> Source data
--- START ---

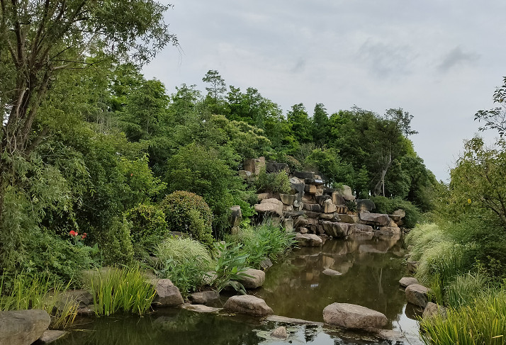 假山溪石旁,绿植很茂盛,可惜夏天的花卉乏善可陈,而想来江滩公园也并没有想要打造一个鲜花世界,偶尔见到的再力花之类的,也是十分平常的水生植物。
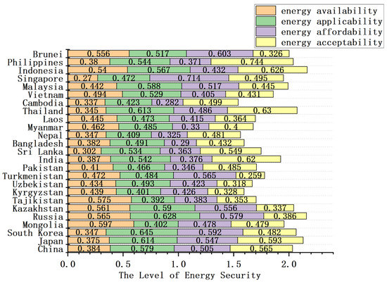 Figure 3 shows the average level of energy security for each country under the “4A” framework.
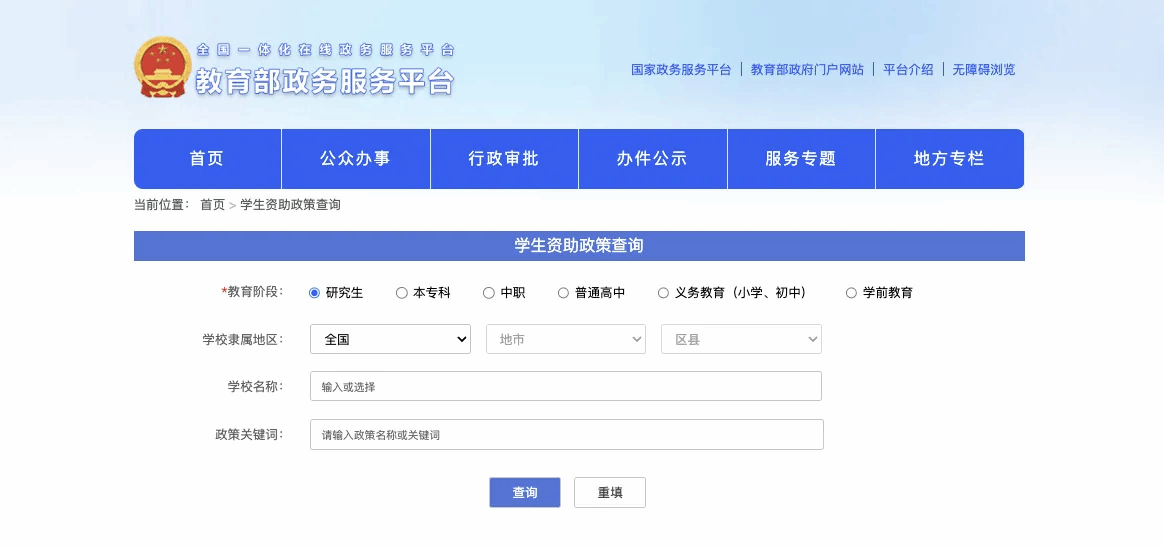 1.访问教育部政务服务平台(https://zwfw.moe.gov.cn/,即教育部官方网站服务板块),在“查询服务”板块,选择使用“学生资助政策查询服务”;
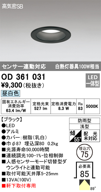 【掘り出しモノ】OD361031 オーデリック 軒下用LEDダウンライト φ75 昼白色【他店舗併売品】
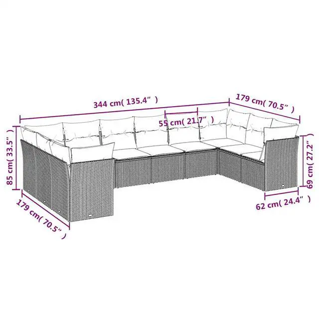 This 10-piece modular garden sofa set brings together sleek design and practicality, making it a great addition to any patio, backyard, or balcony. With a stylish mix of black and blue, this outdoor sofa set creates a comfy spot for gatherings, chats, or just kicking back.
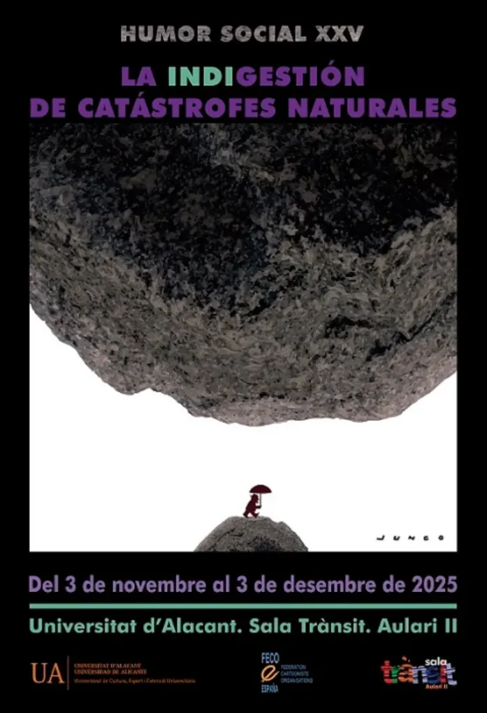 La Muestra de Humor Social de la Universidad de Alicante (UA), un proyecto que ha marcado un hito en el humor gráfico como denuncia social durante un cuarto de siglo, inaugura hoy su edición de cierre. La exposición conmemorativa de este 25 aniversario lleva por título «La indigestión de las catástrofes naturales» y estará abierta al público en la Sala Trànsit del Aulario II hasta el 3 de diciembre.
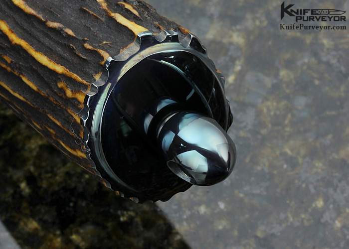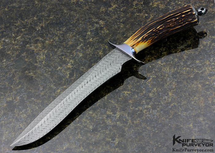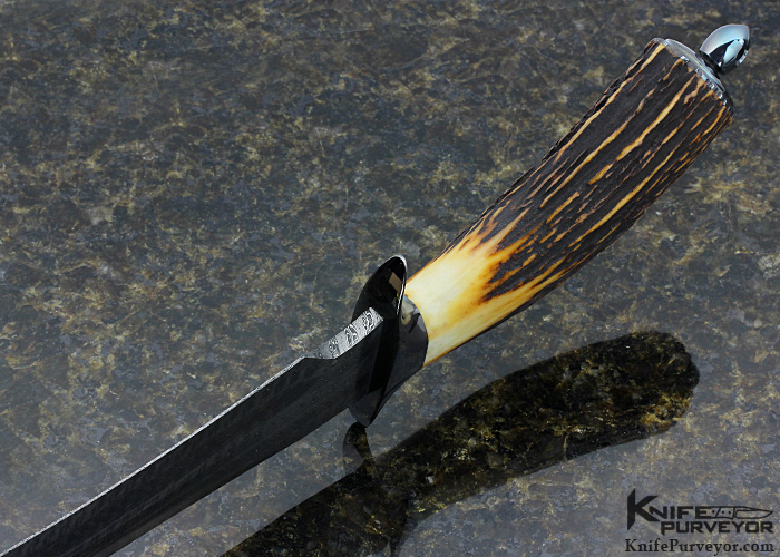 Jim Siska Custom Knife Jerry Rados Turkish Twist Damascus Amber Stag Fighter with Blued Steel Guard

--- END ---

> ACTIVITY
Where an entry holds an image, drop the image and copy the remaining text exactly.

> ANSWER AREA
 假山溪石旁,绿植很茂盛,可惜夏天的花卉乏善可陈,而想来江滩公园也并没有想要打造一个鲜花世界,偶尔见到的再力花之类的,也是十分平常的水生植物。
 Figure 3 shows the average level of energy security for each country under the “4A” framework.
 1.访问教育部政务服务平台(https://zwfw.moe.gov.cn/,即教育部官方网站服务板块),在“查询服务”板块,选择使用“学生资助政策查询服务”;
 【掘り出しモノ】OD361031 オーデリック 軒下用LEDダウンライト φ75 昼白色【他店舗併売品】
 This 10-piece modular garden sofa set brings together sleek design and practicality, making it a great addition to any patio, backyard, or balcony. With a stylish mix of black and blue, this outdoor sofa set creates a comfy spot for gatherings, chats, or just kicking back.
 La Muestra de Humor Social de la Universidad de Alicante (UA), un proyecto que ha marcado un hito en el humor gráfico como denuncia social durante un cuarto de siglo, inaugura hoy su edición de cierre. La exposición conmemorativa de este 25 aniversario lleva por título «La indigestión de las catástrofes naturales» y estará abierta al público en la Sala Trànsit del Aulario II hasta el 3 de diciembre.
 Jim Siska Custom Knife Jerry Rados Turkish Twist Damascus Amber Stag Fighter with Blued Steel Guard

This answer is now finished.